PROBLEM REQUIREMENTS - Only the stretch below from the line holding "마시기 바랍니다. |" through the line holding "My DIL is vegan and has been" should be restated, word for word and with both ends included; pictures stay out.

INPUT MATERIAL -

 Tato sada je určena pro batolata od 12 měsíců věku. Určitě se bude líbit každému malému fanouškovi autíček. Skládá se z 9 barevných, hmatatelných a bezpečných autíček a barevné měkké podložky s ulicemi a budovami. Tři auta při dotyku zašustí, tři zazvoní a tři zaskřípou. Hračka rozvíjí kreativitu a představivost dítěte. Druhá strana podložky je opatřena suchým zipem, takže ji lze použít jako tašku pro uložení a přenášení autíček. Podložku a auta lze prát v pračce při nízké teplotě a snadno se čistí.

--

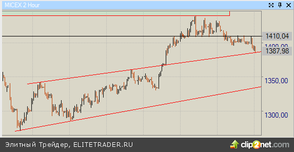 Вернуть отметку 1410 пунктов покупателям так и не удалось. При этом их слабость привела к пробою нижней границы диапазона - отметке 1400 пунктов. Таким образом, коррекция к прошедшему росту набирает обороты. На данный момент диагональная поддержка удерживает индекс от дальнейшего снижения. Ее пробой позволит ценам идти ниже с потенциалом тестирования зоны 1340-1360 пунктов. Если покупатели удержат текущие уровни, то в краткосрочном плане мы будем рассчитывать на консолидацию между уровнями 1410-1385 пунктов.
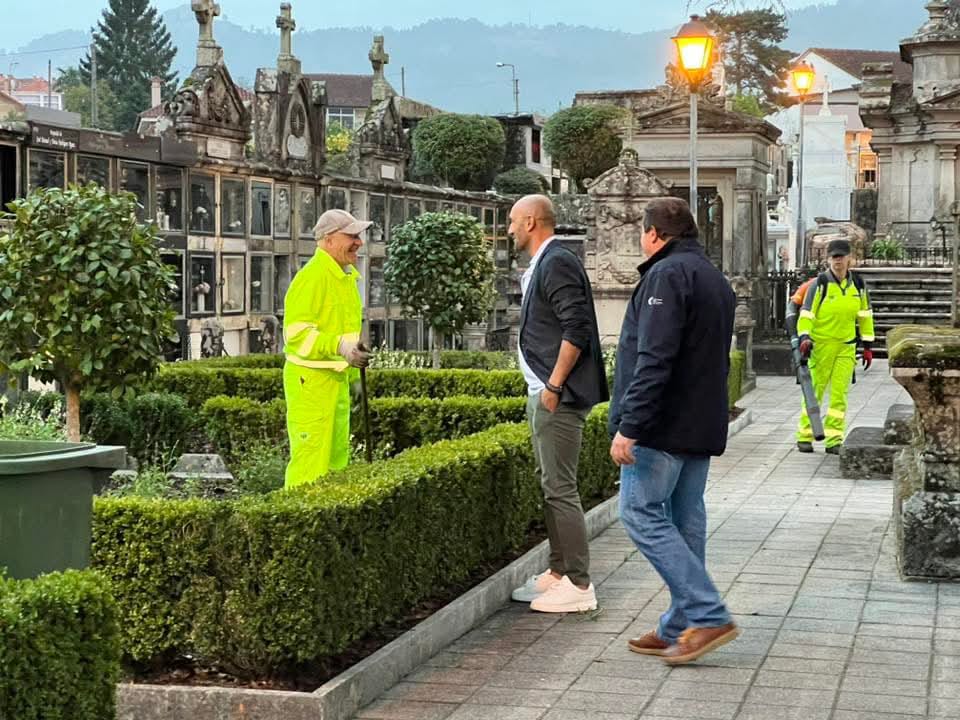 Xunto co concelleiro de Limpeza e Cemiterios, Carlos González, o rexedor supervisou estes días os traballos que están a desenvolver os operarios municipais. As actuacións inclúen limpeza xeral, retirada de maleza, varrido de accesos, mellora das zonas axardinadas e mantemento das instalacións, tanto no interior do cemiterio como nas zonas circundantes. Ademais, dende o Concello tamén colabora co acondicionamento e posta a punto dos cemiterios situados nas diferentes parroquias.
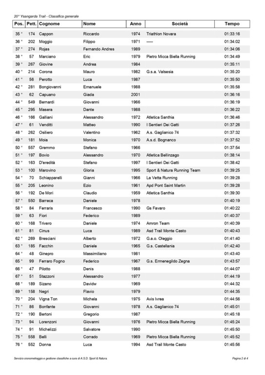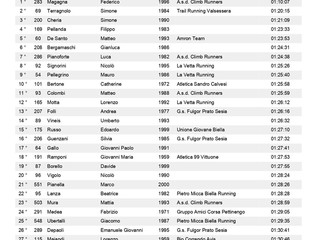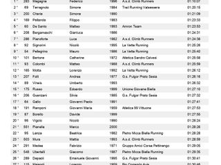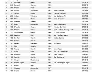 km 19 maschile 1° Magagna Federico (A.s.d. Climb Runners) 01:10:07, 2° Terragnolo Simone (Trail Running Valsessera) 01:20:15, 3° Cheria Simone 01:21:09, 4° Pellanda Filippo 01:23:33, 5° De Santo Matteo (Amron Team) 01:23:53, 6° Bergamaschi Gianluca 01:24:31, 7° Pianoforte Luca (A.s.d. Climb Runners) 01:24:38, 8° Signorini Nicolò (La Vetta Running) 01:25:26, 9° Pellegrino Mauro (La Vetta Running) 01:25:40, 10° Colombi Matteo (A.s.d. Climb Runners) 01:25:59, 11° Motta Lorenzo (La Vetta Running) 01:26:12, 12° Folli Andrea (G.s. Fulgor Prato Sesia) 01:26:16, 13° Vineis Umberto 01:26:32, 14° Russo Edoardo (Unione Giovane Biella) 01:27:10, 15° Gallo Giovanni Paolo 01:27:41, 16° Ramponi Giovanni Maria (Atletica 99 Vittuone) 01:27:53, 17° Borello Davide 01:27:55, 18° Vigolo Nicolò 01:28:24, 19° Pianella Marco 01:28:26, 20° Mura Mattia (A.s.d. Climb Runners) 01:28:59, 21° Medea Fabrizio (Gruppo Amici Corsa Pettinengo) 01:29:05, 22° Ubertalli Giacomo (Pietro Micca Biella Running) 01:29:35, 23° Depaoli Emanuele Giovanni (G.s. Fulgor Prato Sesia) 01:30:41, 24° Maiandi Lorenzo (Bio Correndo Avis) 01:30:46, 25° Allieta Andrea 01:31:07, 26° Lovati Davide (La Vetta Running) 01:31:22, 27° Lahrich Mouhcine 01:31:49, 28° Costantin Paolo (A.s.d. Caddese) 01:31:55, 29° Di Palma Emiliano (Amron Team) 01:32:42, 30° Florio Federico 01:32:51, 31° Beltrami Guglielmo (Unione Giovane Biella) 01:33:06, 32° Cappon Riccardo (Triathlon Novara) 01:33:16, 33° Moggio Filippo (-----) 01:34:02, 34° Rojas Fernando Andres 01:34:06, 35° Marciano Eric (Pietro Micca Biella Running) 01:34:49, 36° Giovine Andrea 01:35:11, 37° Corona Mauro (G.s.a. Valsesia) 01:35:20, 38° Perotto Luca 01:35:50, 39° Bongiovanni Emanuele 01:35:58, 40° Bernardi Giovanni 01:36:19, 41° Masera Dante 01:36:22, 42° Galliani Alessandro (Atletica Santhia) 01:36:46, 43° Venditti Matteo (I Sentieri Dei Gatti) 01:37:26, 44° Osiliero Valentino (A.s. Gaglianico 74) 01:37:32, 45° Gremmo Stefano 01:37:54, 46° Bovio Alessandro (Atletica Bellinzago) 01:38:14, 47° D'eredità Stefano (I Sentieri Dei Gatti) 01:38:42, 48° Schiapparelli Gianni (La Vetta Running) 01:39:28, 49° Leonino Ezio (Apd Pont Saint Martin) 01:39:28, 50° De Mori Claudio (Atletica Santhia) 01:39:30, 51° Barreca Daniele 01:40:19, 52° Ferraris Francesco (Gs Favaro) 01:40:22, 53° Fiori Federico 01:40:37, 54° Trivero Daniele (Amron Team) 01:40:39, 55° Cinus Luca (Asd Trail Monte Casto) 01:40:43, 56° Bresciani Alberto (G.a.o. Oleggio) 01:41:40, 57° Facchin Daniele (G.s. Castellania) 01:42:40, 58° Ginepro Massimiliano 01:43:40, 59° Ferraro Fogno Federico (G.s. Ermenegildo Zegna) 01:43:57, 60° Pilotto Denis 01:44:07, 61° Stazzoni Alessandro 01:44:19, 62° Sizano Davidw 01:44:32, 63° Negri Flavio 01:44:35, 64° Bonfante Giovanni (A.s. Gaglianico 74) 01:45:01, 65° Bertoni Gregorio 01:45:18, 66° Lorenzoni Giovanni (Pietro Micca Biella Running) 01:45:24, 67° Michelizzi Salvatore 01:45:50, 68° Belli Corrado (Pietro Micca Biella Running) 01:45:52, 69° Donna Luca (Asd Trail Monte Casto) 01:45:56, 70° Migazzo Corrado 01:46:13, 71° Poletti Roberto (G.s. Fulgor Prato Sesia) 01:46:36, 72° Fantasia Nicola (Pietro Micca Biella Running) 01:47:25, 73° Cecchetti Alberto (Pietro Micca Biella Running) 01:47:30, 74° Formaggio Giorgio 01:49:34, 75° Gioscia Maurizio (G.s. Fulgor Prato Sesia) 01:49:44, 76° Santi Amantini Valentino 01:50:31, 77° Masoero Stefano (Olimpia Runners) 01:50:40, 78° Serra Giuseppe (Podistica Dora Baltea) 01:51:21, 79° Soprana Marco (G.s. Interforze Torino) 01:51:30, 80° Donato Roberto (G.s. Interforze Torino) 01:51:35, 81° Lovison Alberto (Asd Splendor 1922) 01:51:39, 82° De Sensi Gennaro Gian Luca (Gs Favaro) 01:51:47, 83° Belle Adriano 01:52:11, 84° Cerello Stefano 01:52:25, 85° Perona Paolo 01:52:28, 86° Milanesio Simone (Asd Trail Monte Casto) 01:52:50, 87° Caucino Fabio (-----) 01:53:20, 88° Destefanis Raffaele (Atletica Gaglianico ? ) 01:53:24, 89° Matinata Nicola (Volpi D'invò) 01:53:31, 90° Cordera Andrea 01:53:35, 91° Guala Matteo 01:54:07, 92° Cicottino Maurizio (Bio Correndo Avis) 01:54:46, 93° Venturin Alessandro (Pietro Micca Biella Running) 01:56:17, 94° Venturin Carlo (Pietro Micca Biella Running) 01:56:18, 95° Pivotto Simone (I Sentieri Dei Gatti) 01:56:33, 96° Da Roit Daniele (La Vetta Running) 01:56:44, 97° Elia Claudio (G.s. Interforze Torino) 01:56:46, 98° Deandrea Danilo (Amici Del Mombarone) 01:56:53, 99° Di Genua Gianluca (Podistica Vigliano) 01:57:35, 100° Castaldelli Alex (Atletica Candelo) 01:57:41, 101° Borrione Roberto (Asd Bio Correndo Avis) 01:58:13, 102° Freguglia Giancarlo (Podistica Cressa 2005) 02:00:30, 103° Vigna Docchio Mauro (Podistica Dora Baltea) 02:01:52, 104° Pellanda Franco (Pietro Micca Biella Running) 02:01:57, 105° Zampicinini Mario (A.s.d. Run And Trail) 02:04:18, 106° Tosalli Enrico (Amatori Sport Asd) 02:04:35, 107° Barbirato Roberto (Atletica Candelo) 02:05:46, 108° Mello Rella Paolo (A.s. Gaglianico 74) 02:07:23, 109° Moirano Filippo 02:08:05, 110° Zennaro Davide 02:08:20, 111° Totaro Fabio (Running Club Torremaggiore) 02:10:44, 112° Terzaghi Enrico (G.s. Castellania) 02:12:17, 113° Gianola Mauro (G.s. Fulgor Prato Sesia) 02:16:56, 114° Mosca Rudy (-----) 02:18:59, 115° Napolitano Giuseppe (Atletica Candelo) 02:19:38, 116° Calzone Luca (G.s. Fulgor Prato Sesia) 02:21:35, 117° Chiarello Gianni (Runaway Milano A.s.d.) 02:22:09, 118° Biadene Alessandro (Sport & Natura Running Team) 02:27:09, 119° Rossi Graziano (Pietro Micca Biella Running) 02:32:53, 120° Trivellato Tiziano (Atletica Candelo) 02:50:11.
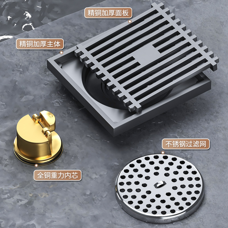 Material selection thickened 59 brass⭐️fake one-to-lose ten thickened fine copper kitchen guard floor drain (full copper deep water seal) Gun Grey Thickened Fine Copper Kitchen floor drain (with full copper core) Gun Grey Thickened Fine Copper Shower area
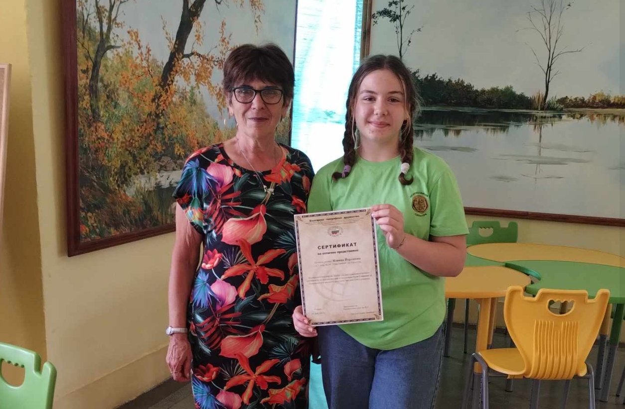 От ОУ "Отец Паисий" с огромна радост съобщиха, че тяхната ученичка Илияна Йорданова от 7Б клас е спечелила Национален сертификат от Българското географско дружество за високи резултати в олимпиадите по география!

==

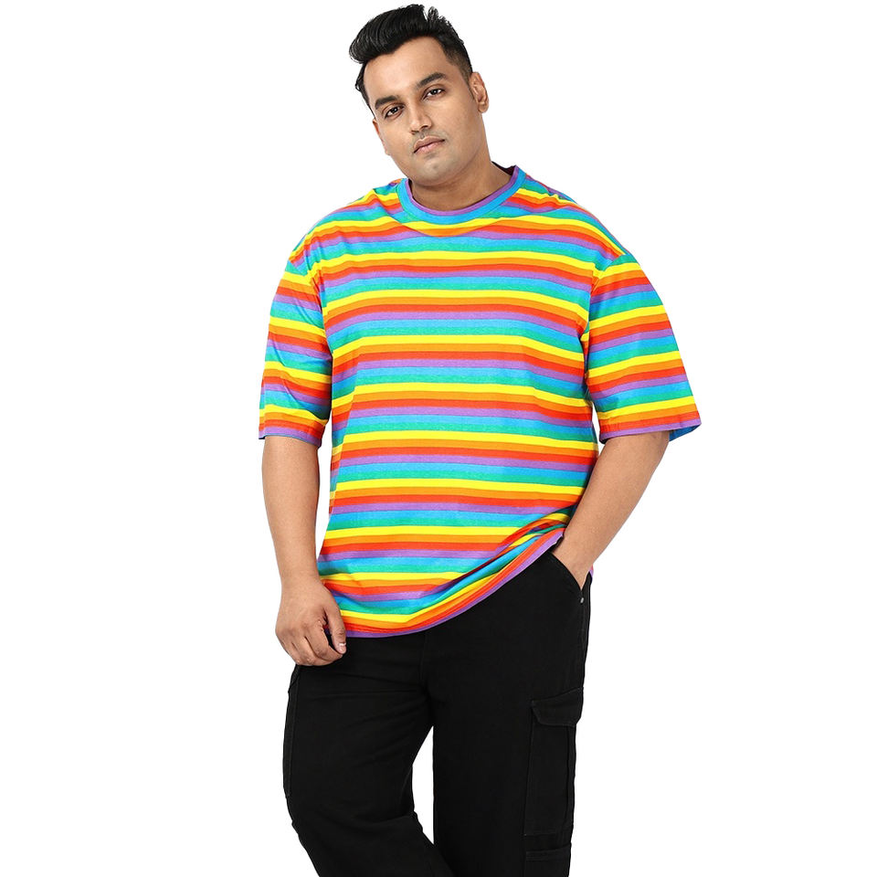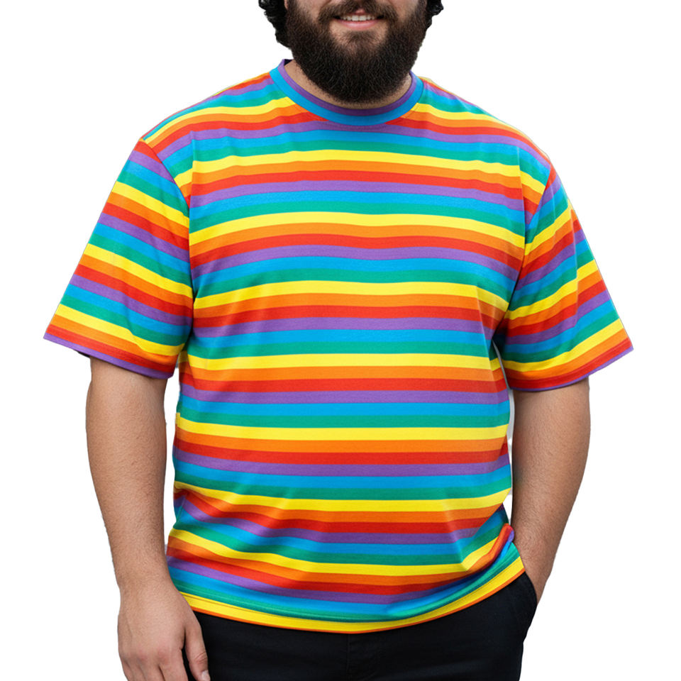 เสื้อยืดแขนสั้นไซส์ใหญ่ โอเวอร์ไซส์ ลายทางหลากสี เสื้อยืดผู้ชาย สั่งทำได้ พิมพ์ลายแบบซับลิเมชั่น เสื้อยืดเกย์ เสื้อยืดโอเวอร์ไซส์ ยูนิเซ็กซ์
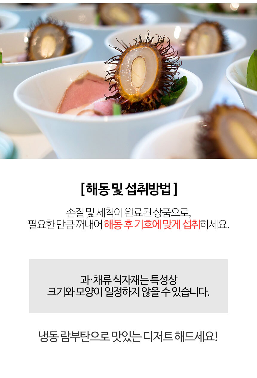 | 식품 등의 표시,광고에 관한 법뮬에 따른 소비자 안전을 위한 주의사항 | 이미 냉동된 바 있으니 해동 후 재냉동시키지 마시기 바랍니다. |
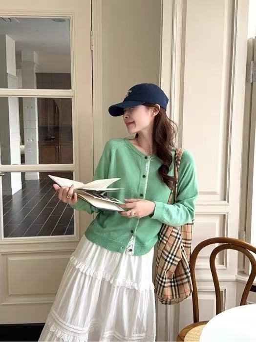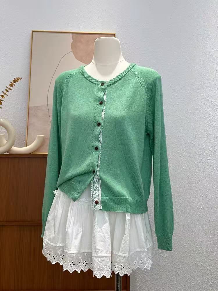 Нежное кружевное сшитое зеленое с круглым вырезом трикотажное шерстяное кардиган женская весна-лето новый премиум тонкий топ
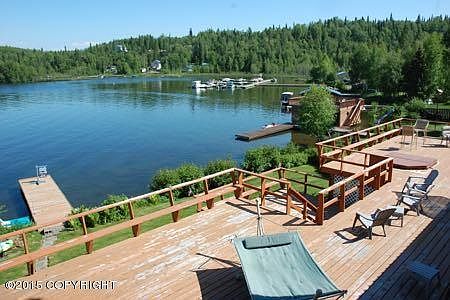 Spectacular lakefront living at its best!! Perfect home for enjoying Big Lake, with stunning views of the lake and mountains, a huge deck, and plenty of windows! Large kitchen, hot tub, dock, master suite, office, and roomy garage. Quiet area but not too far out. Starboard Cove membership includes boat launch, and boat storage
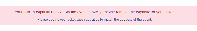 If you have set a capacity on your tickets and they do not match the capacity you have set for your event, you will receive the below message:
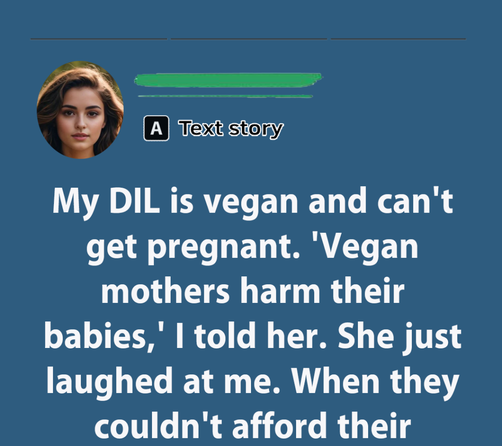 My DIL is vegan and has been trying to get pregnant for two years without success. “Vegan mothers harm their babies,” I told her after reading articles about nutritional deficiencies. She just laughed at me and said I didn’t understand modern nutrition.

YOUR SOLUTION -
 | 식품 등의 표시,광고에 관한 법뮬에 따른 소비자 안전을 위한 주의사항 | 이미 냉동된 바 있으니 해동 후 재냉동시키지 마시기 바랍니다. |
 Нежное кружевное сшитое зеленое с круглым вырезом трикотажное шерстяное кардиган женская весна-лето новый премиум тонкий топ
 Spectacular lakefront living at its best!! Perfect home for enjoying Big Lake, with stunning views of the lake and mountains, a huge deck, and plenty of windows! Large kitchen, hot tub, dock, master suite, office, and roomy garage. Quiet area but not too far out. Starboard Cove membership includes boat launch, and boat storage
 If you have set a capacity on your tickets and they do not match the capacity you have set for your event, you will receive the below message:
 My DIL is vegan and has been trying to get pregnant for two years without success. “Vegan mothers harm their babies,” I told her after reading articles about nutritional deficiencies. She just laughed at me and said I didn’t understand modern nutrition.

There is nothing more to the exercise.